Soon after I began seeing Donita Ellison, who is a high school teacher of art, I found myself having feelings about her that were big and new: I was swept! But I also made a mistake that without Aesthetic Realism I would never have been able to understand and change. For several months Donita and I spoke almost every day, and I was so glad to see her, couldn’t wait until I did. Yet I found myself one day feeling we were too different and therefore not compatible. When I spoke about this in an Aesthetic Realism consultation, my consultants asked: “Is Donita Ellison a threat to your big love affair—the one you’ve had with yourself?” This was so true!
I remembered the first time I invited Donita to visit my apartment in Westchester . After dinner at a restaurant and an exciting conversation through which we both had more feeling, on the way to my home I began to think, “This is getting too deep and it is out of my control.”
My consultants explained: “There are two things in reality: you and the world. If you don’t want to be truly affected by the world, that leaves only you …. Does Donita Ellison have the right to affect you in a big way? Is it reality you are being affected by through her?”

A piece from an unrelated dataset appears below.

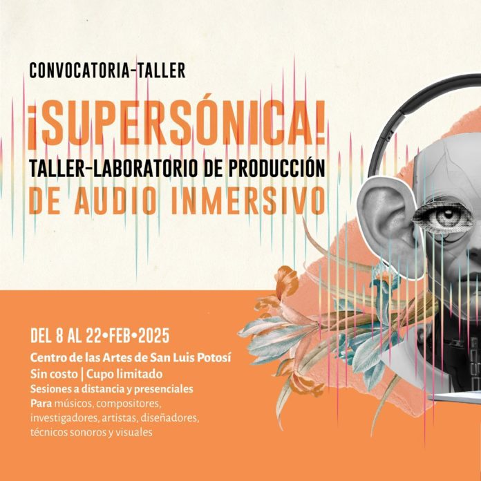La Secretaría de Cultura de Gobierno del Estado convoca a personas dedicadas a la música, composición, diseño de sonido e investigación a participar en «¡Supersonica!», un taller-laboratorio de producción de audio inmersivo, que se llevará a cabo del 8 al 22 de febrero en el Centro de las Artes de San Luis Potosí.

Consultants. Is it wholly in your control?
JT. No, it’s not.
By the end of 1993 I knew I wanted to marry Donita; and in my mind I pictured a proposal, an engagement, the ceremony and honeymoon, and living happily ever after. I had a plan to surprise Donita by announcing our engagement—which she knew nothing about—at a party with my parents present. Somehow, though, I didn’t feel at ease with my plan, and when I told my consultants about it they asked: “As you thought about this, how did you see Ms. Ellison? Is she just part of the decoration, or do you see her as a real person? In your thought, who were all the people at the party looking at?”
Consultants. What happened to Donita Ellison?
JT. I guess she was also looking at me.
And they asked whether I saw how something that might begin well could be used in behalf of a selfish purpose.
I certainly did. And I saw that the only way I would feel I deserved to have Donita care for and trust me was to be able to say sincerely: I want to use you to like the world, and I want to do everything I can to have you like the world and to meet what you are truly hoping for.
I’m so happy and honored that Donita is now my wife, and that our wonderful Aesthetic Realism education continues.